While the components of the above-described gas-liquid separator system are similar to steam-water separators used in power generation applications, such as U.S. Pat. No. 4,648,890 to Kidwell or U.S. Pat. No. 3,324,634 to Brahler (both assigned at issue to the Babcock & Wilcox Company), substantial differences between the fluid properties of gas/oil wellhead fluids and water/steam mixtures make these systems markedly different. In addition to the unique problems caused by gas-liquid wellhead fluids discussed above, the fluid properties of steam-water mixtures varies significantly from that of gas-liquid wellhead fluids such that the droplet entrainment tendencies, centrifugal separation tendencies, and vapor carry under tendencies of each system are also different. Accordingly, while use of gas scrubbers (systems which separate gas-oil with low liquid loading) has been known, the development and use of a gas-oil centrifugal separator system for hydrocarbon production systems with high liquid loading was not previously envisioned or expected to be feasible by those skilled in the art.

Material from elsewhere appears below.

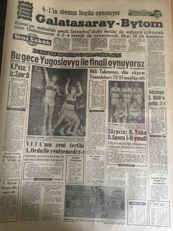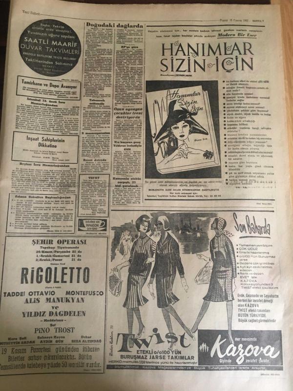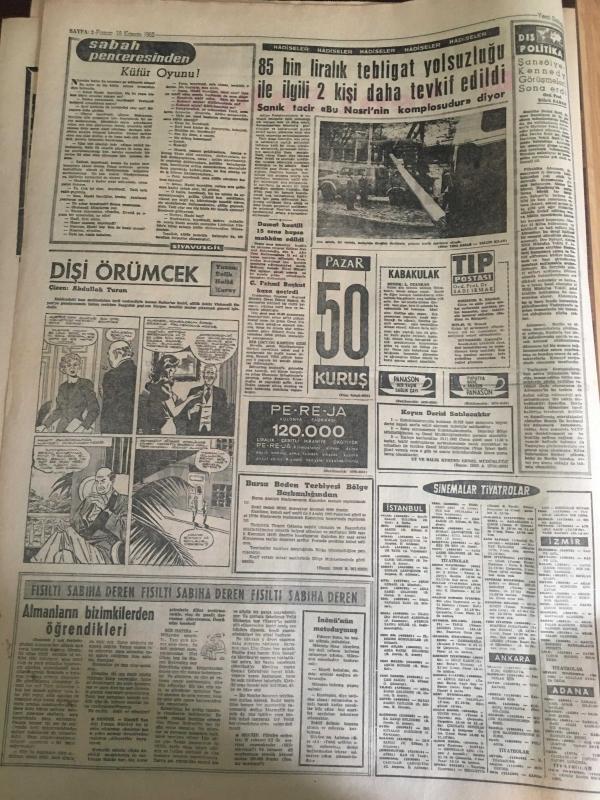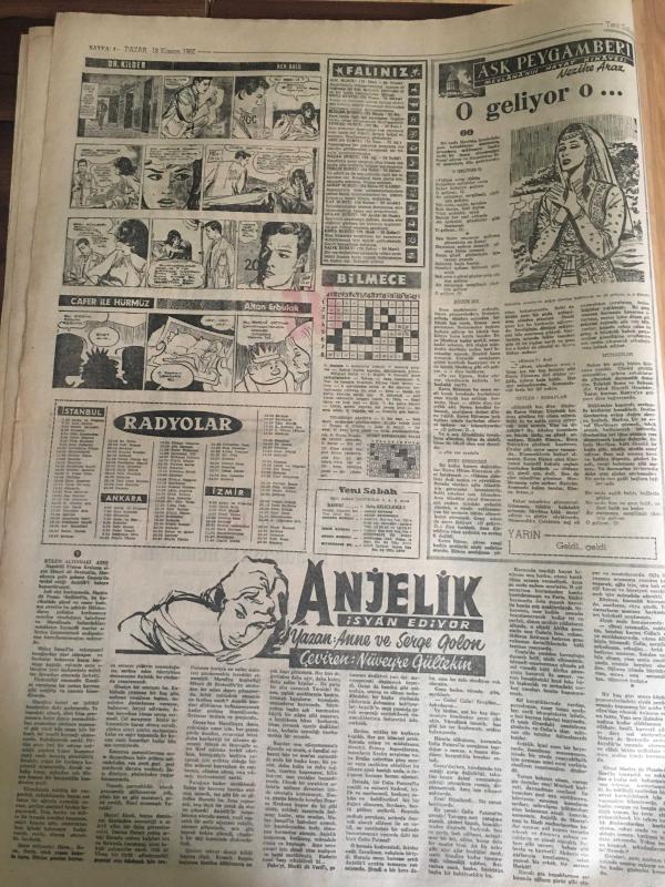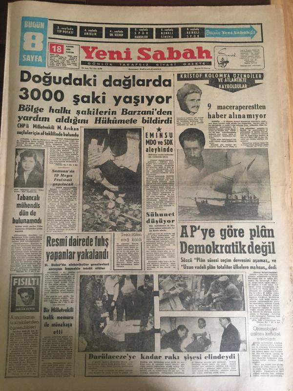 YENİ SABAH GAZETESİ 18 KASIM 1962 YIL :25 SAYI :8508---Doğudaki dağlarda 3000 şaki yaşıyor ---Tabancalı mühendis dün de bulunamadı ---Eminsu MDO ve SDK aleyhinde ---Resmi dairede fuhuş yapanlar yakalandı ---AP 'ye göre plan demokratik değil ---Küfür Oyunu : Siyavuşgil ---85 bin liralık tebligat yolsuzluğu ile ilgili 2 kişi daha tevkif edildi ---Sinemalar :Atlas :Maceralar Yolunda ,İnci : Çam Sakızı ,Konak :Casuslar Çarpışıyor ---İki genç ,Salihli gar gişesini soymak istedi ---Galatasaray -Bytom --Bu gece Yugoslavya ile finali oynuyoruz ---K.Paşa :1 İz.Spor :0---Vefa 'nın yeni tertibi A.Ordu ile yenişemedi ---Sürpriz :K.Yaka D.Sporu 1-0 yendi ---- Sinema Tiyatro :Artık Yerli Film Kompleksinden Kurtulmalıyız ---Mylene Demongeot ---Tijen Par 'a dikkat ediniz --- Belgin Doruk ,Göksel Arsoy : Ayımasalı ,Çikolata ,Sevgilim ,Çalı Kuşu ---Uğur Başaran :Sahneye ablası hastalanınca apar topar çıktı ---Hayat Bazen Tatlıdır :Zeki Müren ,Belgin Doruk , Suna Pekuysal --, SAFA KILIÇLIOĞLU tarafından kaleme alınmıştır. Kitap 1962 yılında [YENİ SABAH MATBAA] o ISBN kodu ile yayınlanmıştır. 8 sayfadır. YENİ SABAH GAZETESİ 18 KASIM 1962 YIL :25 SAYI :8508---Doğudaki dağlarda 3000 şaki yaşıyor ---Tabancalı mühendis dün de bulunamadı ---Eminsu MDO ve SDK aleyhinde ---Resmi dairede fuhuş yapanlar yakalandı ---AP 'ye göre plan demokratik değil ---Küfür Oyunu : Siyavuşgil ---85 bin liralık tebligat yolsuzluğu ile ilgili 2 kişi daha tevkif edildi ---Sinemalar :Atlas :Maceralar Yolunda ,İnci : Çam Sakızı ,Konak :Casuslar Çarpışıyor ---İki genç ,Salihli gar gişesini soymak istedi ---Galatasaray -Bytom --Bu gece Yugoslavya ile finali oynuyoruz ---K.Paşa :1 İz.Spor :0---Vefa 'nın yeni tertibi A.Ordu ile yenişemedi ---Sürpriz :K.Yaka D.Sporu 1-0 yendi ---- Sinema Tiyatro :Artık Yerli Film Kompleksinden Kurtulmalıyız ---Mylene Demongeot ---Tijen Par 'a dikkat ediniz --- Belgin Doruk ,Göksel Arsoy : Ayımasalı ,Çikolata ,Sevgilim ,Çalı Kuşu ---Uğur Başaran :Sahneye ablası hastalanınca apar topar çıktı ---Hayat Bazen Tatlıdır :Zeki Müren ,Belgin Doruk , Suna Pekuysal -- adlı eser Türkçe dilindedir.

In gas scrubbers, separation efficiency is limited by the size of droplets entering the cyclone, with the larger liquid droplets being more susceptible to separation via centrifugal force than smaller droplets. However, none of the prior art gas scrubbers described above include a means for reliably controlling or enhancing droplet size. Moreover, the setup and operation of these systems are limited by the pressure drop requirement and low tolerances for flow rate changes discussed above. Thus, a gas-oil centrifugal separation system which overcomes these limitations would be welcome.
Finally, the performance and requirements for oil and gas separators must be examined in light of the economic benefits of minimizing the space and weight requirements for such equipment on offshore platforms. Consequently, it is desirable to develop a separator that is smaller than a natural separator, but which performs within the limits specified above.